**Your objective**. Write out the following listing's lines from the one with "1년 전, 학대와 방치" to the one with "軽量で着脱が容易、かつ髪の毛", exactly, with both included and no others.

**Data for the task**.

◇ ◇ ◇ ◇

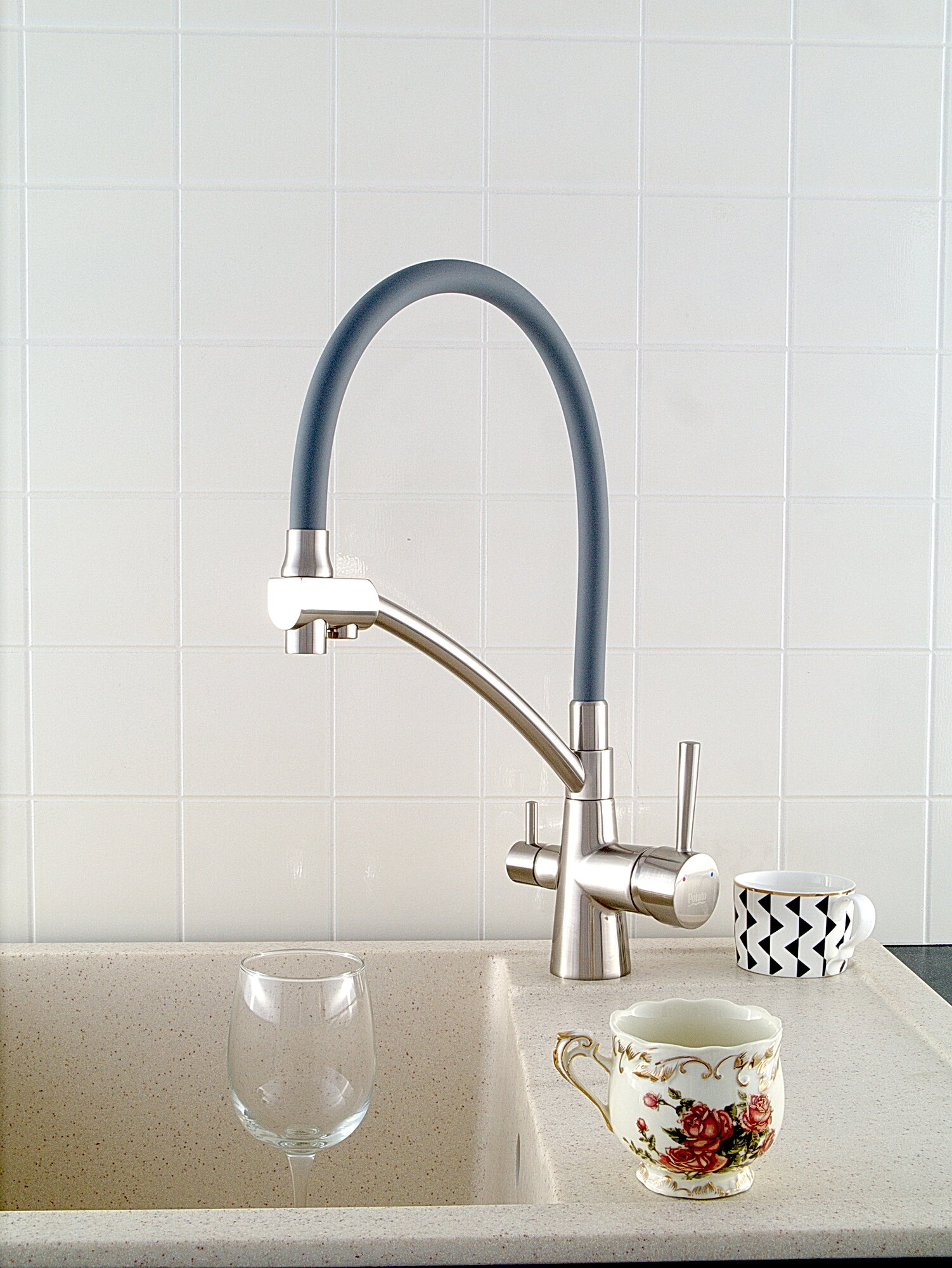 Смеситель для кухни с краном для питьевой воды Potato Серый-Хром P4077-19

◇ ◇ ◇ ◇

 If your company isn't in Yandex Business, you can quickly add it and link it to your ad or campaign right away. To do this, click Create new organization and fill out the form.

◇ ◇ ◇ ◇

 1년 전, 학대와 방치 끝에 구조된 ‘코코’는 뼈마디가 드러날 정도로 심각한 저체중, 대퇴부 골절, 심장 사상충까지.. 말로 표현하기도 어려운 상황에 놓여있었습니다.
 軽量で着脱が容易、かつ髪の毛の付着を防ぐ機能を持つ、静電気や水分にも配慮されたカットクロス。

◇ ◇ ◇ ◇

**Your solution**.
 1년 전, 학대와 방치 끝에 구조된 ‘코코’는 뼈마디가 드러날 정도로 심각한 저체중, 대퇴부 골절, 심장 사상충까지.. 말로 표현하기도 어려운 상황에 놓여있었습니다.
 軽量で着脱が容易、かつ髪の毛の付着を防ぐ機能を持つ、静電気や水分にも配慮されたカットクロス。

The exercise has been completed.